Material provided:
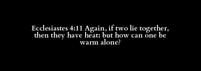 Ecclesiastes 4:11 Again, if two lie together, then they have heat: but how can one be warm alone?
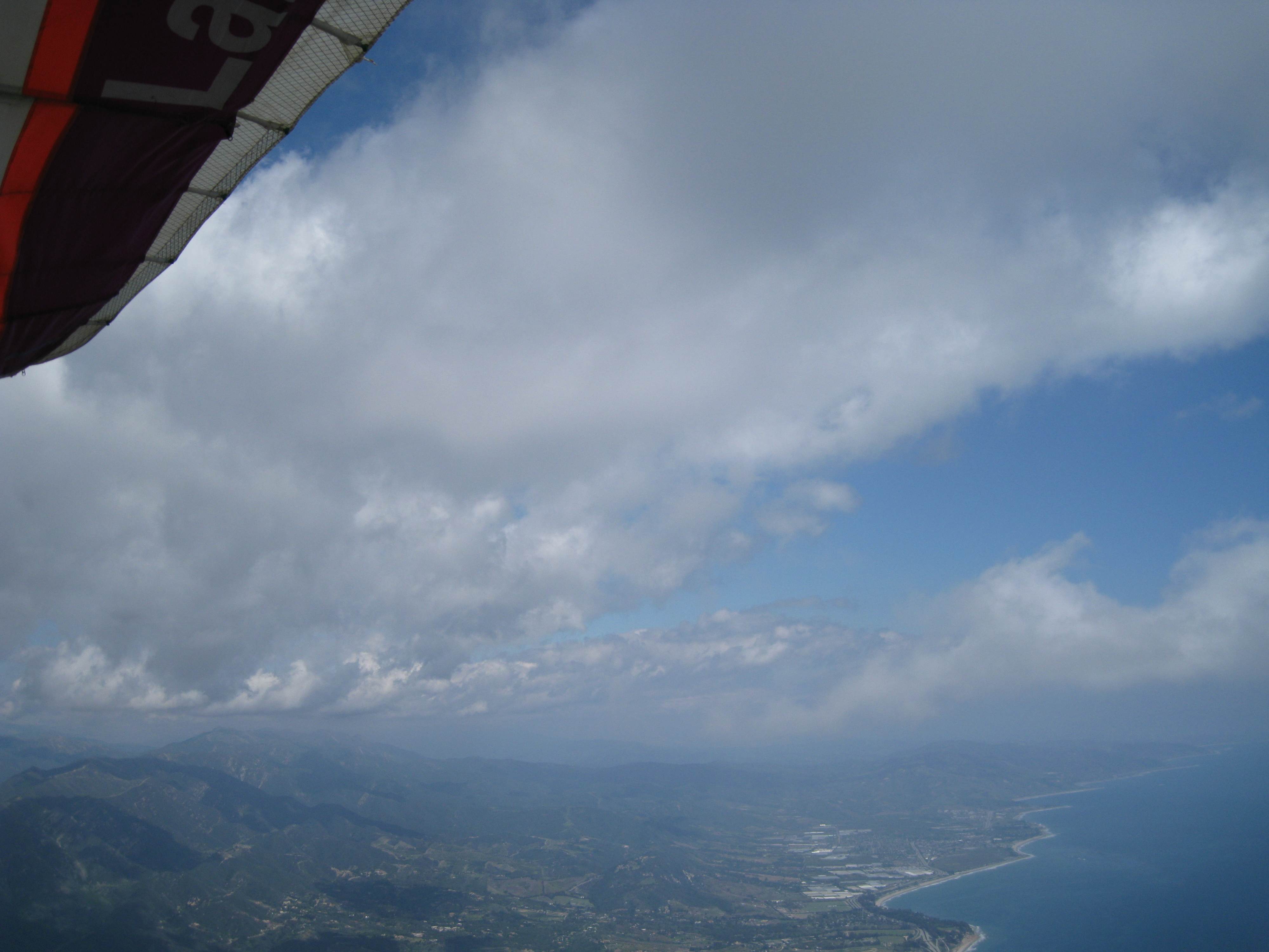 Nice conditions this afternoon today at Eliminator. As the north winds backed off the peak, the cycles were coming in lightly. No down drafts as clouds developed and pushed out overhead. Launched at 2:03. Found lift over Round House and Antenas to 3500'...pushed out to Lower Parma and worked good convergence lift to 4600' over Sycamore Canyon and Eucalyputus Hill...Turned down coast, dolphined with a 10 mph tail wind and made the bluffs at Bates with 750'...where it was light SE, E on the beach. Some edginess in the mtns, but not bad though, 1100 up and 1400 down. Many thanks to Marge for pictures and chase !!!
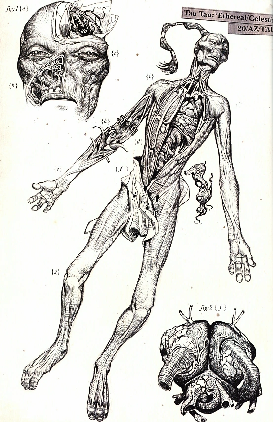 Dissection of a female Ethereal by an Imperial Magos Biologis; letters correspond to text at left.
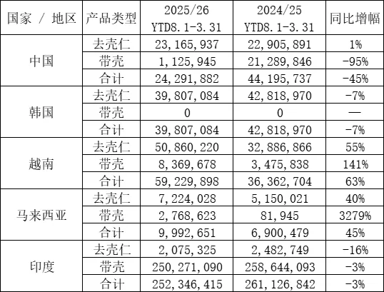印度:带壳进口量巨大,稳居第一大目的地 越南:同比 + 63%,增速亮眼
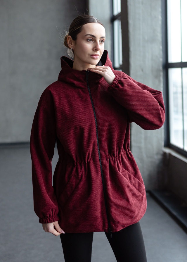 Двостороння ветровка з капюшоном N117V. Колір: Bordo
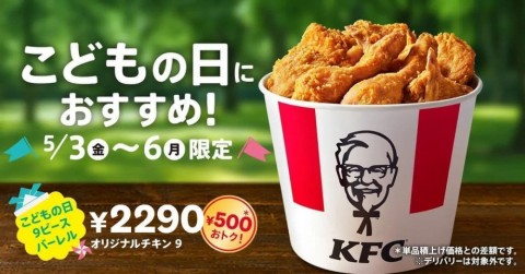 ケンタッキー「こどもの日9ピースバーレル」オリジナルチキン9個入りで500円お得!4日間限定 (参照記事: えん食べ)
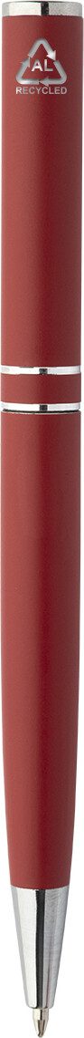 Kuličkové pero z recyklovaného hliníku s chromovanými částmi a kroužky. V černé dárkové krabičce. S modrou náplní.
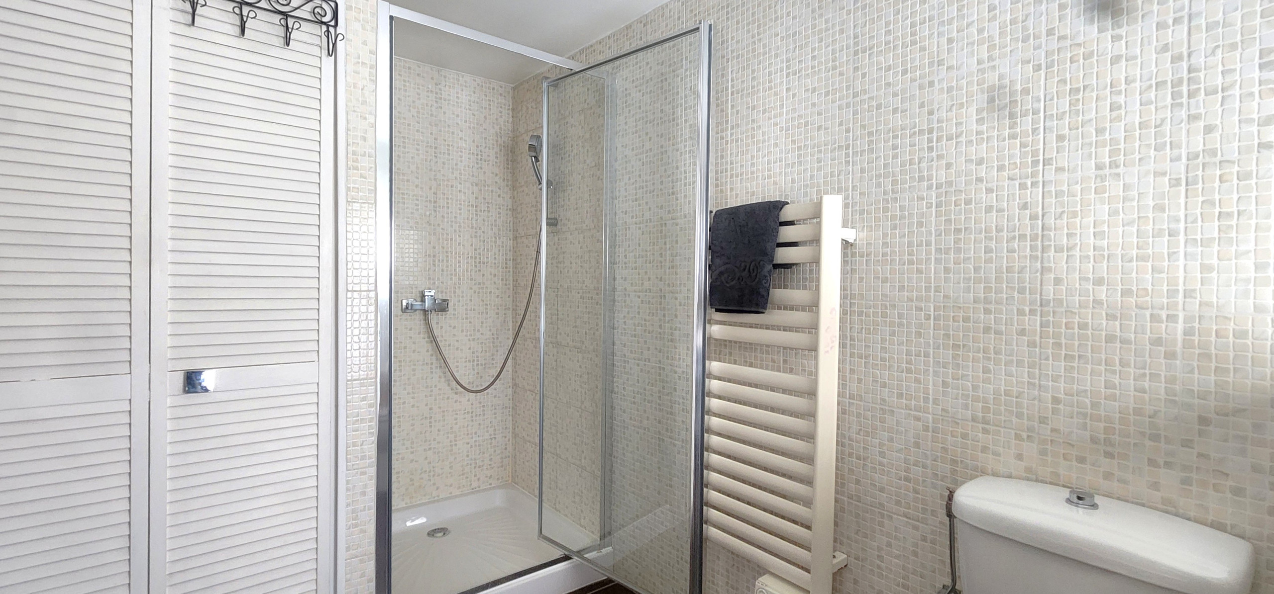 Bathroom with shower and washing machine. Separate WC.
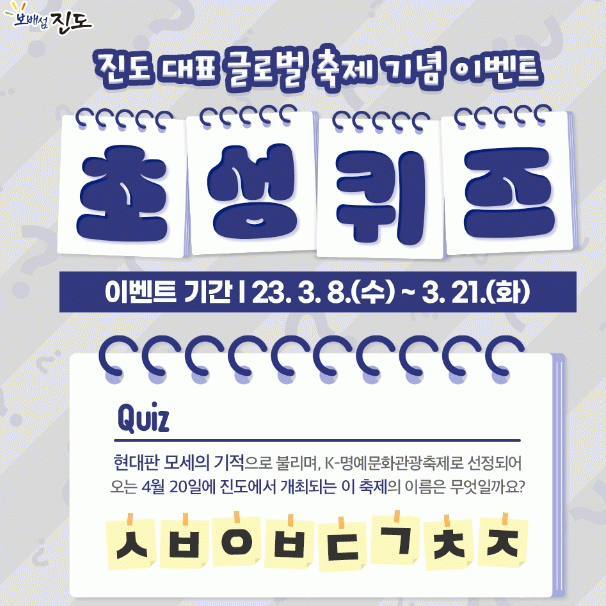 Ãʼº ÄûÁî´Â Çö´ëÆÇ ¸ð¼¼ÀÇ ±âÀûÀ¸·Î ºÒ¸®¸ç, K-¸í¿¹¹®È°ü±¤ÃàÁ¦·Î ¼±Á¤µÇ¾î ¿À´Â 4¿ù 20ÀϺÎÅÍ Áøµµ±º¿¡¼ °³ÃֵǴ ÃàÁ¦ÀÇ À̸§À» ¸ÂÃß¸é µÈ´Ù.
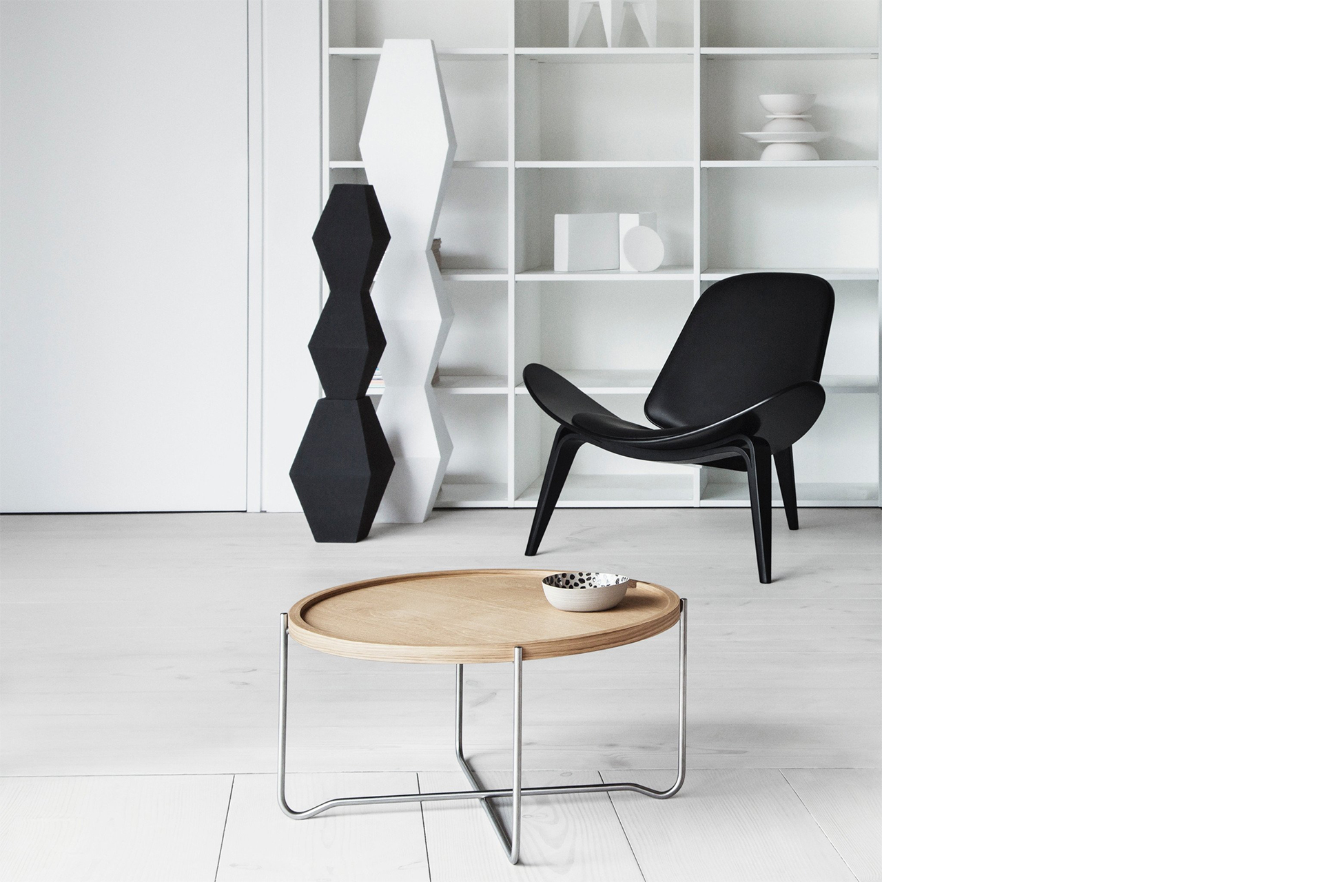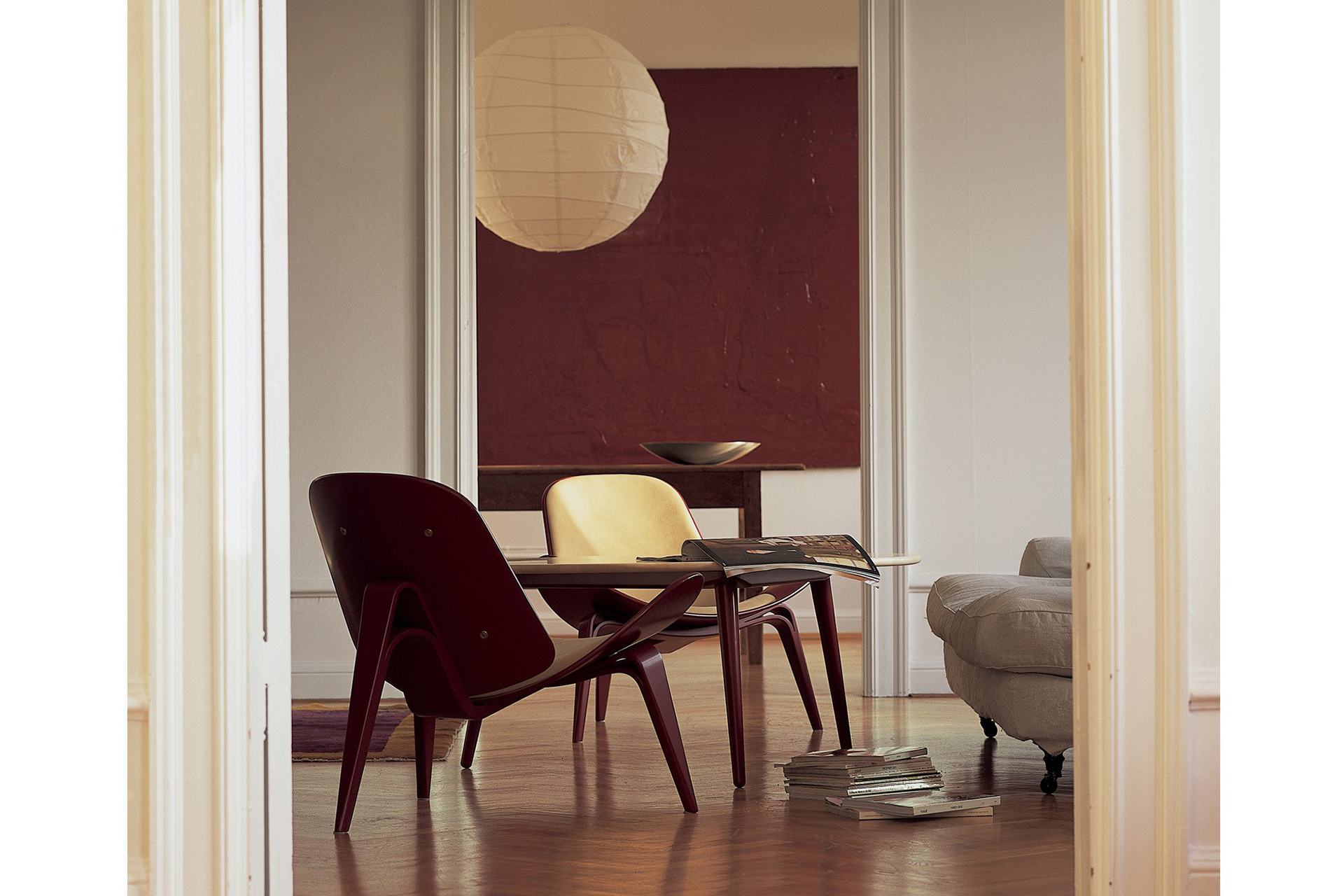 Hans J. Wegner于1963年为Carl Hansen & Son设计的贝壳椅是最值得珍藏的座椅之一,简约又不失大方,两侧的翼状包覆扶手和弯曲支撑脚,尽管只有三脚作支撑,却坚固耐久。主体由层压夹板塑形,座垫和靠背可选择布料或皮革软垫。

What is expected:
Every record must be transcribed faithfully, with no picture carried over.

Problem solution:
 Ecclesiastes 4:11 Again, if two lie together, then they have heat: but how can one be warm alone?
 Nice conditions this afternoon today at Eliminator. As the north winds backed off the peak, the cycles were coming in lightly. No down drafts as clouds developed and pushed out overhead. Launched at 2:03. Found lift over Round House and Antenas to 3500'...pushed out to Lower Parma and worked good convergence lift to 4600' over Sycamore Canyon and Eucalyputus Hill...Turned down coast, dolphined with a 10 mph tail wind and made the bluffs at Bates with 750'...where it was light SE, E on the beach. Some edginess in the mtns, but not bad though, 1100 up and 1400 down. Many thanks to Marge for pictures and chase !!!
 Dissection of a female Ethereal by an Imperial Magos Biologis; letters correspond to text at left.
印度:带壳进口量巨大,稳居第一大目的地 越南:同比 + 63%,增速亮眼
 Двостороння ветровка з капюшоном N117V. Колір: Bordo
 ケンタッキー「こどもの日9ピースバーレル」オリジナルチキン9個入りで500円お得!4日間限定 (参照記事: えん食べ)
 Kuličkové pero z recyklovaného hliníku s chromovanými částmi a kroužky. V černé dárkové krabičce. S modrou náplní.
 Bathroom with shower and washing machine. Separate WC.
 Ãʼº ÄûÁî´Â Çö´ëÆÇ ¸ð¼¼ÀÇ ±âÀûÀ¸·Î ºÒ¸®¸ç, K-¸í¿¹¹®È°ü±¤ÃàÁ¦·Î ¼±Á¤µÇ¾î ¿À´Â 4¿ù 20ÀϺÎÅÍ Áøµµ±º¿¡¼ °³ÃֵǴ ÃàÁ¦ÀÇ À̸§À» ¸ÂÃß¸é µÈ´Ù.
 Hans J. Wegner于1963年为Carl Hansen & Son设计的贝壳椅是最值得珍藏的座椅之一,简约又不失大方,两侧的翼状包覆扶手和弯曲支撑脚,尽管只有三脚作支撑,却坚固耐久。主体由层压夹板塑形,座垫和靠背可选择布料或皮革软垫。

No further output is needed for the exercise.